ACTION ITEM → Extract, word for word, each line from the line holding "الاشتراك في المجتمع" through the end of the records. Omit every picture.

RECORDS SHOWN →
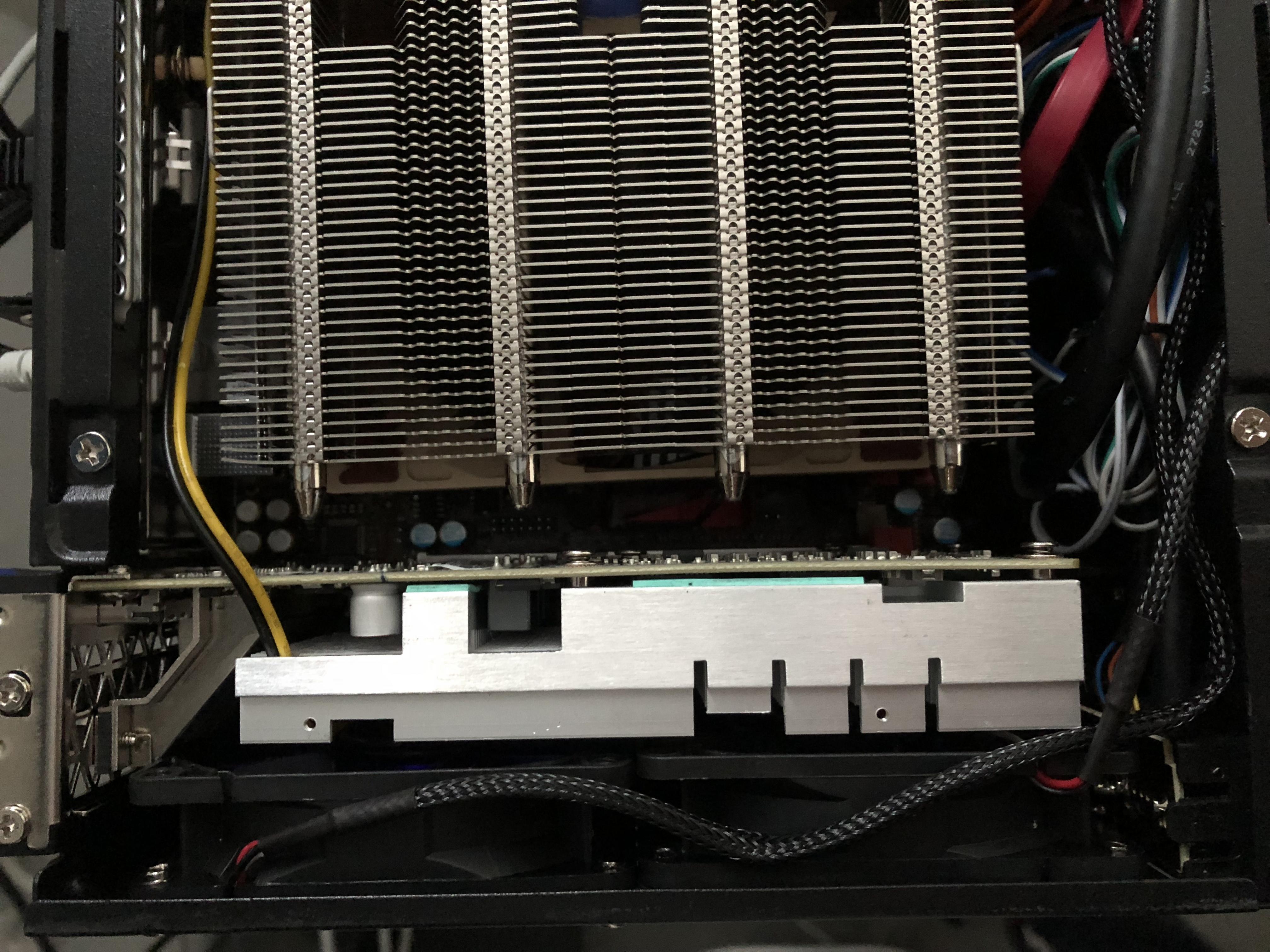 Eine andere Variante wäre 2 40mm Noctua Lüfter direkt auf dem Kühlkörper zu befestigen https://geizhals.de/?cat=coolfan&xf=1034_Noctua~355_40~5920_3-Pin dann hätte ich die Dimensionen des originalen Lüfters, bin aber nicht sicher ob die Karte dann unter Last nicht wieder zu warm wird. Im Idle sollten die Noctuas ziemlich sicher unhörbar zu bekommen sein.
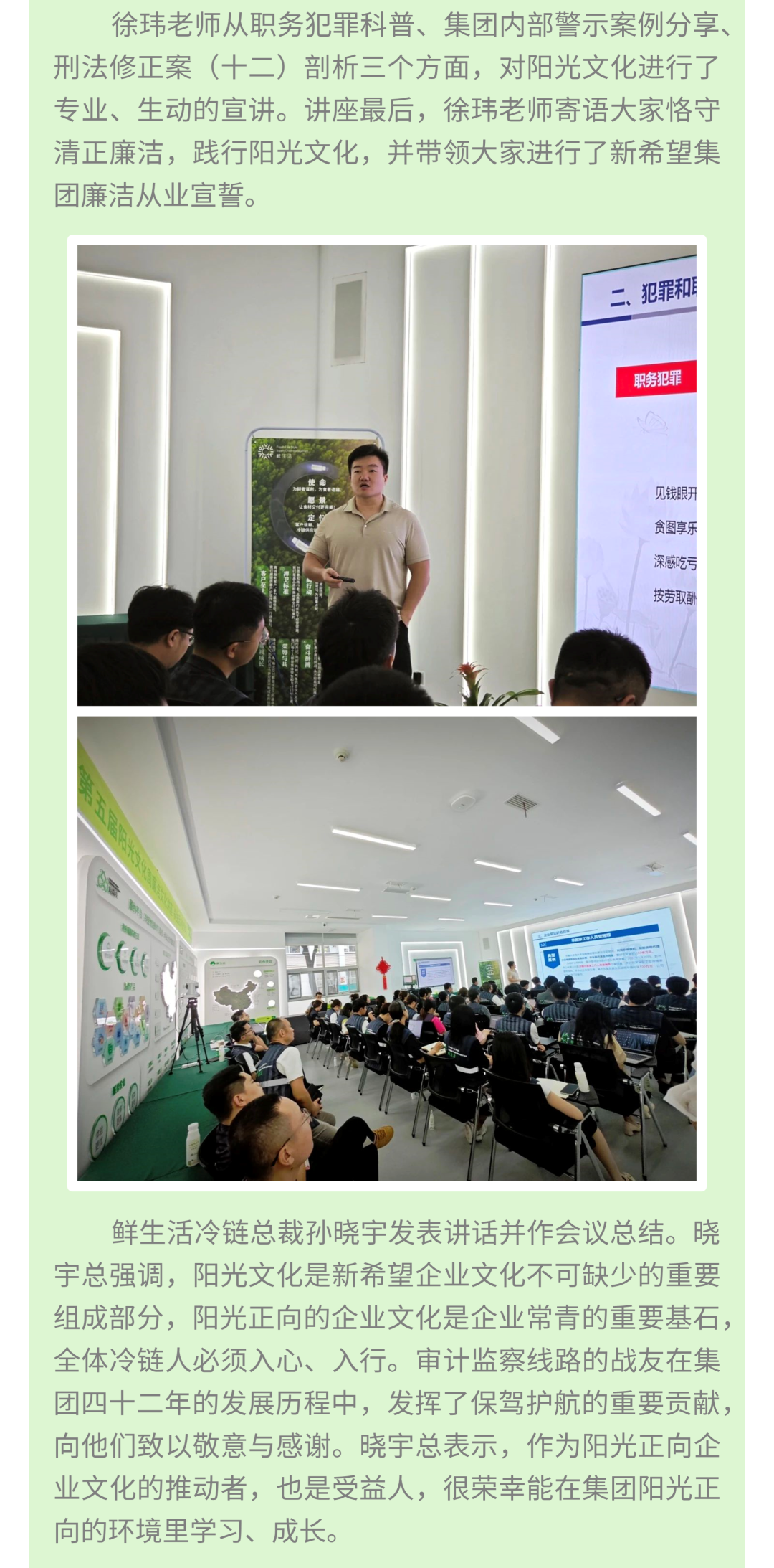 【阳光希望行】阳光宣讲走进新希望乳业和鲜生活冷链
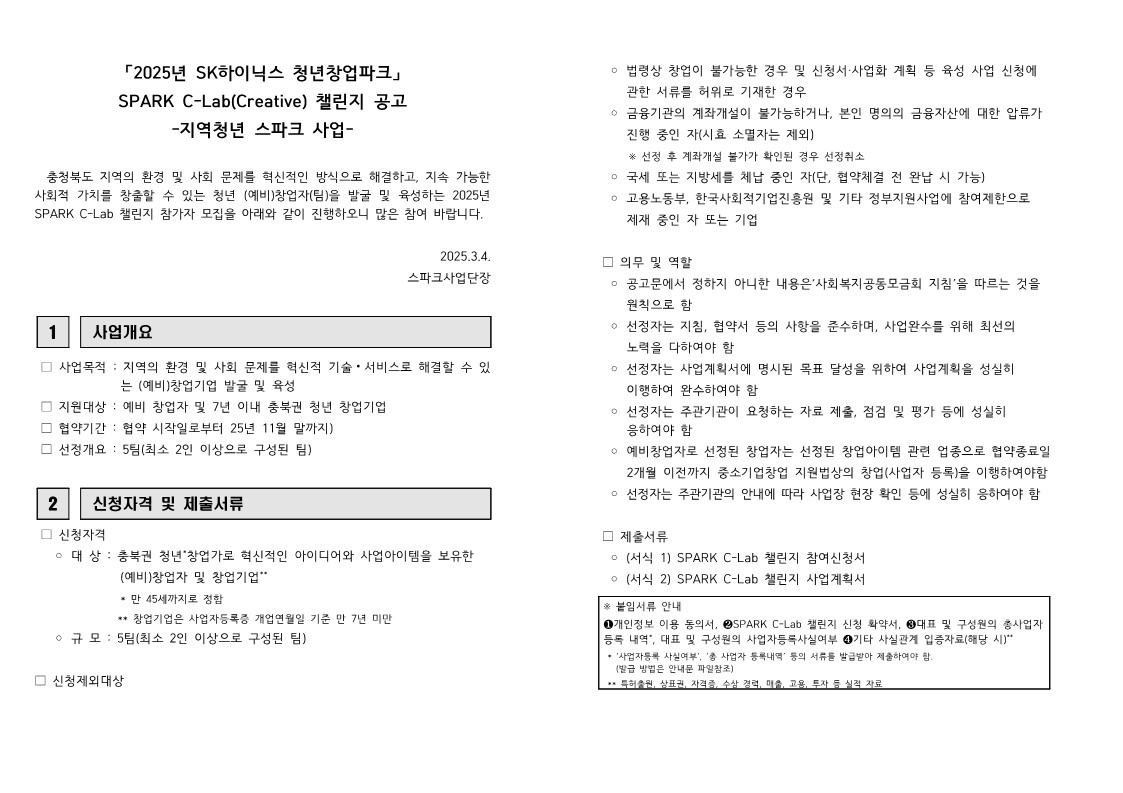 | 2025년도 'SK하이닉스 청년창업파크' SPARK C-Lab 챌린지 공고 | |||||
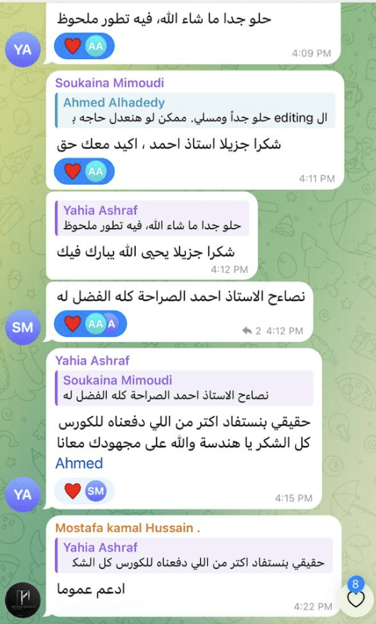 الاشتراك في المجتمع هيكون مجاني تمامًا مدى الحياة بعد انضمامك للكورس، وهتحصل خلالهم على مكالمات مباشرة مع أحمد الحديدي ومجموعات المجتمع الأخرى لدعمك في رحلتك
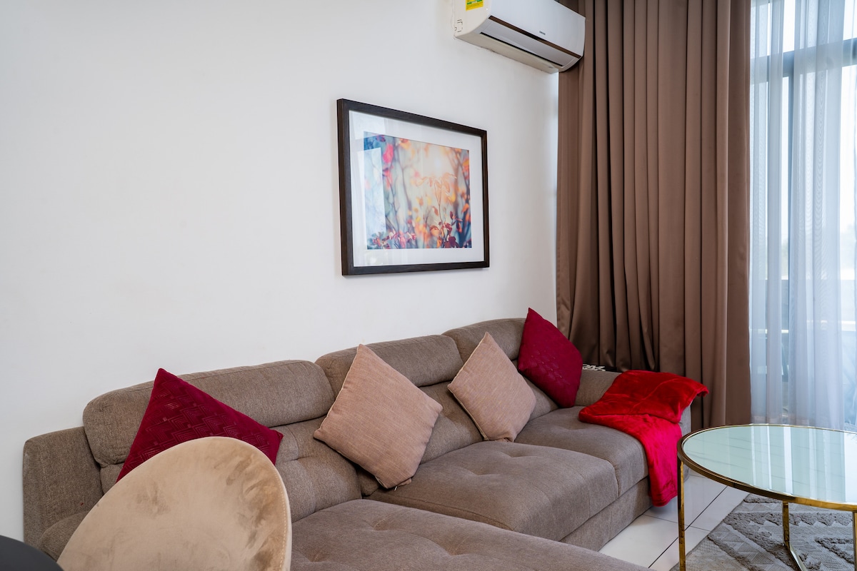 Your extraordinary Accra experience begins here. Book now and see why guests say ‘home away from home only gets better.’ Access to rooftop pool and gym. This stylish unit in Airport Residential offers hotel-level comfort. Enjoy a queen bed, vibrant yellow sofa, smart TV, fast Wi-Fi, cool AC, kitchenette, and a calm balcony. Walk safely to Airport City, restaurants, malls, cafés and Roman Ridge. 5-10 mins drive to airport. Perfect for business travelers, couples, solo guests and weekend escapes

SOLUTION FOR THIS EXERCISE →
 الاشتراك في المجتمع هيكون مجاني تمامًا مدى الحياة بعد انضمامك للكورس، وهتحصل خلالهم على مكالمات مباشرة مع أحمد الحديدي ومجموعات المجتمع الأخرى لدعمك في رحلتك
 Your extraordinary Accra experience begins here. Book now and see why guests say ‘home away from home only gets better.’ Access to rooftop pool and gym. This stylish unit in Airport Residential offers hotel-level comfort. Enjoy a queen bed, vibrant yellow sofa, smart TV, fast Wi-Fi, cool AC, kitchenette, and a calm balcony. Walk safely to Airport City, restaurants, malls, cafés and Roman Ridge. 5-10 mins drive to airport. Perfect for business travelers, couples, solo guests and weekend escapes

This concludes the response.